Exercise goal:
Could you copy word for word only the lines between the one containing "6 (of 10) Médecins" and the end of the listing below, both included, and leave out the pictures?

Provided data:
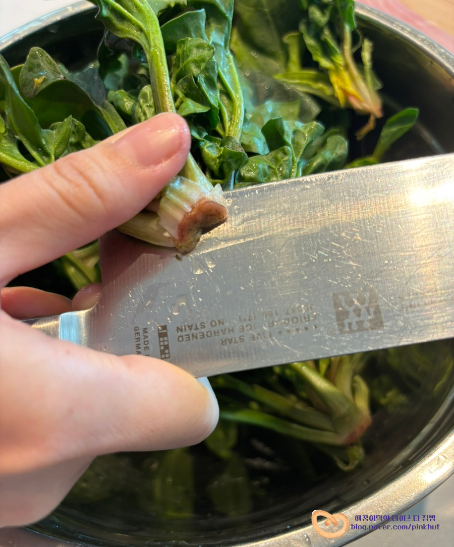 먹기 좋게 4등분 또는 어린아이들은 한가닥씩 쪼개어주면 시금치 손질 끝이에요.
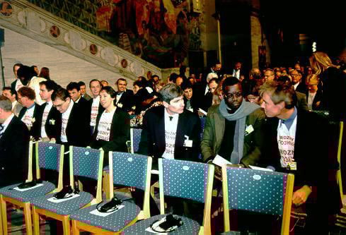 6 (of 10) Médecins Sans Frontières will "remain outspoken, passionate and deeply committed to its core principles," said its president, James Orbinski, in his Nobel Lecture at the Nobel Peace Prize Award Ceremony at the Oslo City Hall in Norway, 10 December 1999. Other Médecins Sans Frontières representatives underlined this message by wearing t-shirts to bring attention to the victims of the ongoing war in the breakaway Republic of Chechnya in Russia.
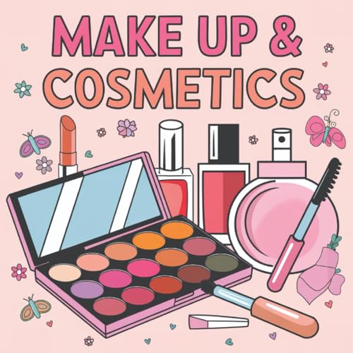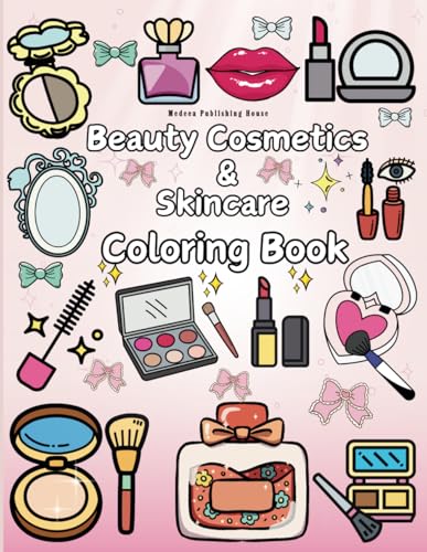 Makeup & Cosmetics: Coloring Book for Adults and Kids Featuring Fashion Designs, Cosmetic Items, Makeup, and Skincare Products.
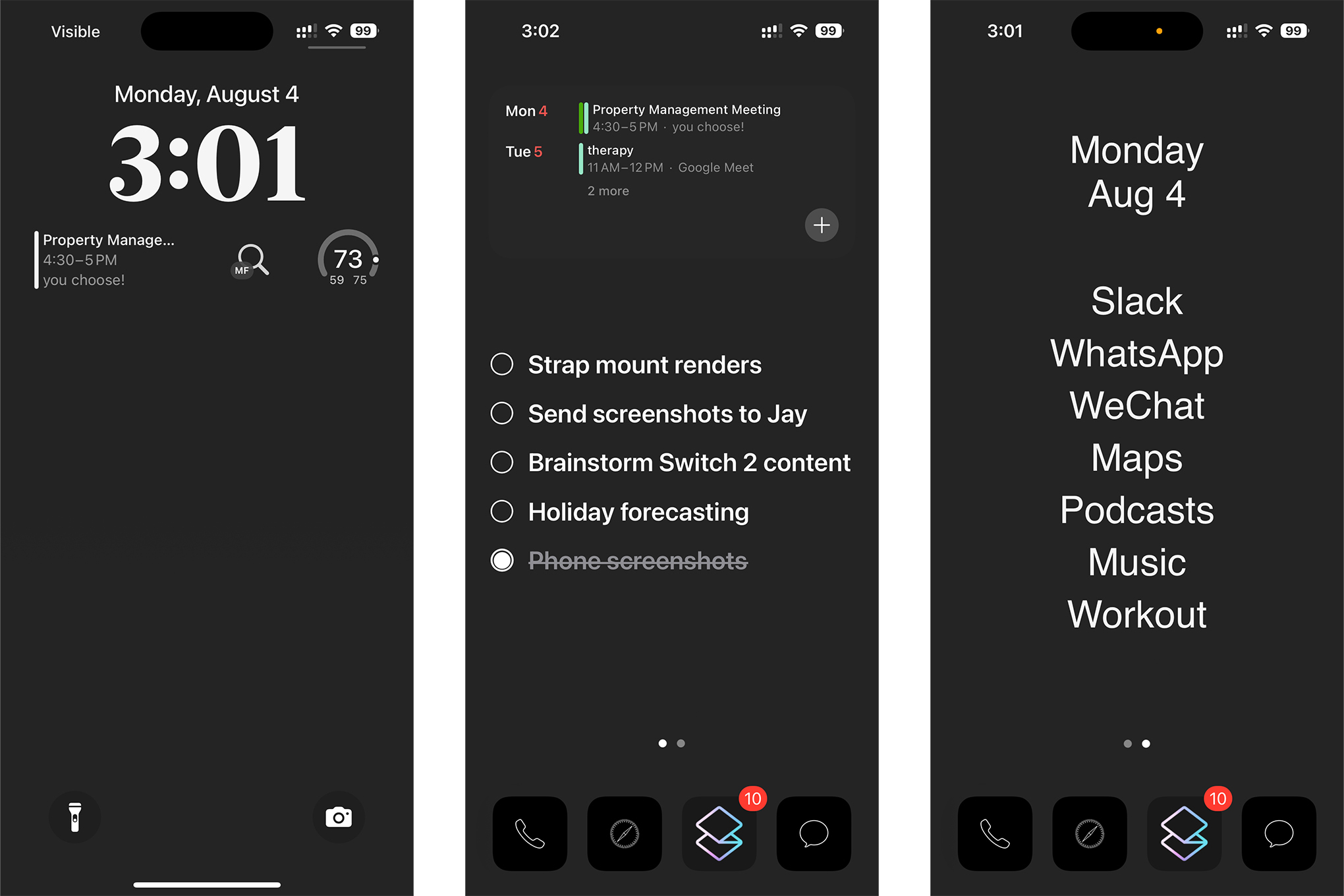 The docked apps: I used a minimal black icon pack mixed with Siri shortcuts, except for the Superhuman email app.

Final answer:
 6 (of 10) Médecins Sans Frontières will "remain outspoken, passionate and deeply committed to its core principles," said its president, James Orbinski, in his Nobel Lecture at the Nobel Peace Prize Award Ceremony at the Oslo City Hall in Norway, 10 December 1999. Other Médecins Sans Frontières representatives underlined this message by wearing t-shirts to bring attention to the victims of the ongoing war in the breakaway Republic of Chechnya in Russia.
 Makeup & Cosmetics: Coloring Book for Adults and Kids Featuring Fashion Designs, Cosmetic Items, Makeup, and Skincare Products.
 The docked apps: I used a minimal black icon pack mixed with Siri shortcuts, except for the Superhuman email app.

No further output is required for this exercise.